Nothing but the text belongs in the answer: the listing below, copied exactly, without pictures.

■ GIVEN MATERIAL
.....

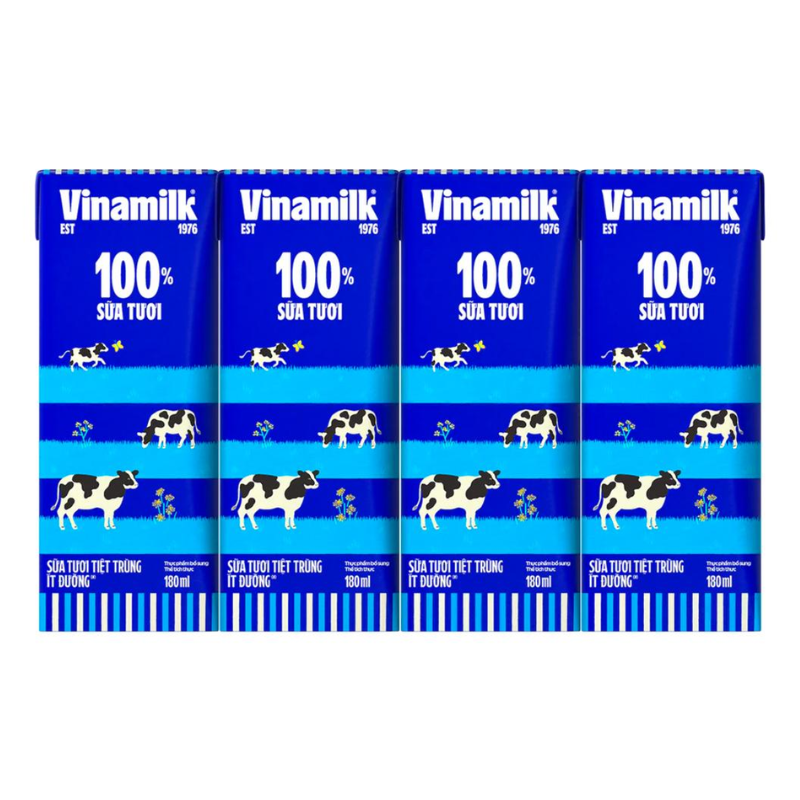 1 Lốc 4 Hộp Sữa Tươi Tiệt Trùng VINAMILK Ít Đường 180ml/Hộp
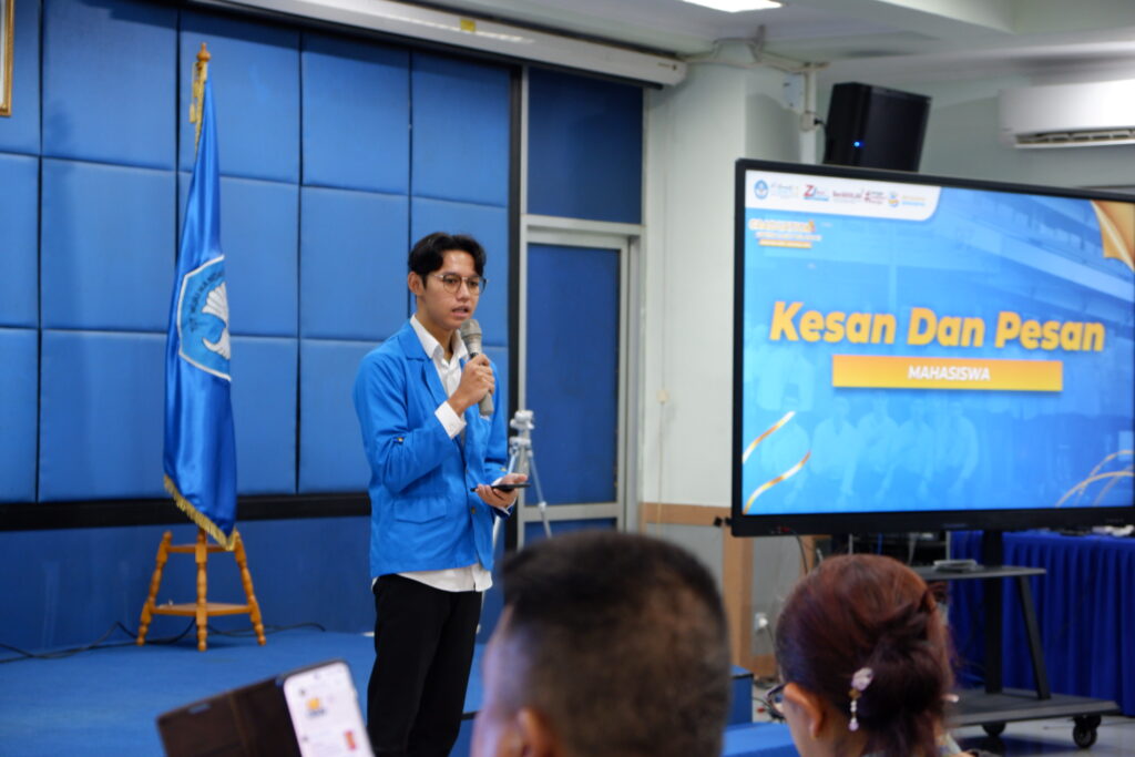 Mahasiswa Universitas Bina Sarana Informatika, Ahmad Maulana, tengah menyampaikan kesan selama mengikuti program Magang Mandiri LLDikti Wilayah III.
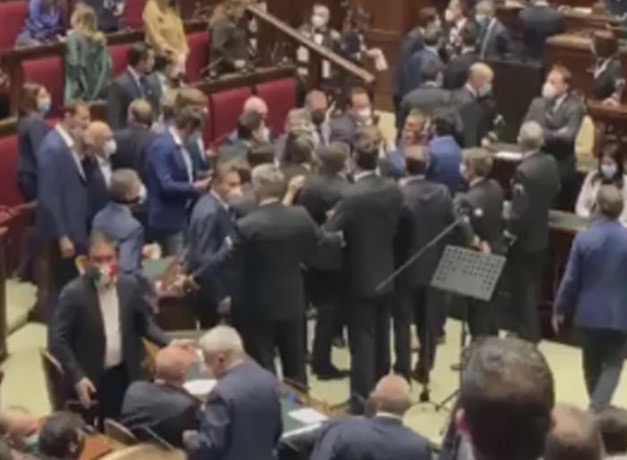 L’effetto del discorso di Ricciardi sul centrodestra, senza distinzioni fra leghisti, fratelli d’Italia e forzisti berlusconiani, é stato dirompente E’ scoppiata in aula una bagarre conclusasi fortunatamente sul piano
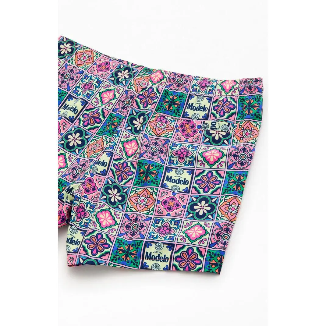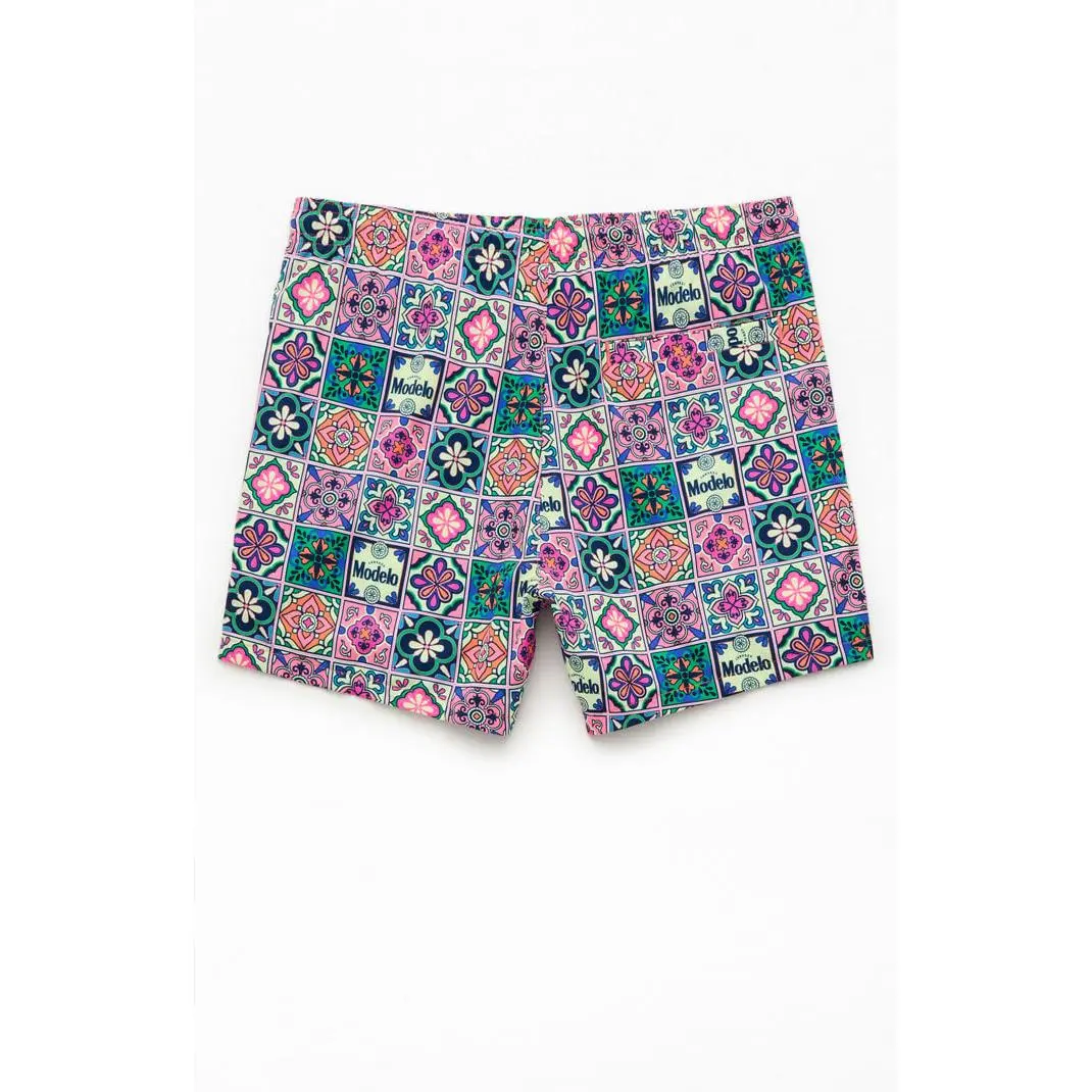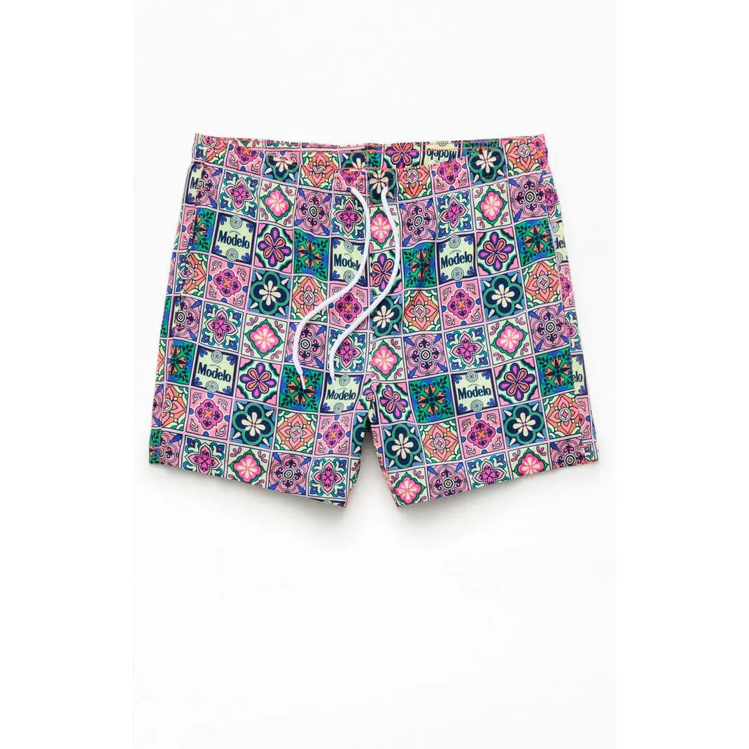 Make it a summer of fun with the Modelo Tile 5" Swim Trunks. These swim trunks feature an elastic stretch waistline, side pockets, a mesh lining, and a Modelo tile pattern throughout.

.....

■ ANSWER TO THE PROBLEM
 1 Lốc 4 Hộp Sữa Tươi Tiệt Trùng VINAMILK Ít Đường 180ml/Hộp
 Mahasiswa Universitas Bina Sarana Informatika, Ahmad Maulana, tengah menyampaikan kesan selama mengikuti program Magang Mandiri LLDikti Wilayah III.
 L’effetto del discorso di Ricciardi sul centrodestra, senza distinzioni fra leghisti, fratelli d’Italia e forzisti berlusconiani, é stato dirompente E’ scoppiata in aula una bagarre conclusasi fortunatamente sul piano
 Make it a summer of fun with the Modelo Tile 5" Swim Trunks. These swim trunks feature an elastic stretch waistline, side pockets, a mesh lining, and a Modelo tile pattern throughout.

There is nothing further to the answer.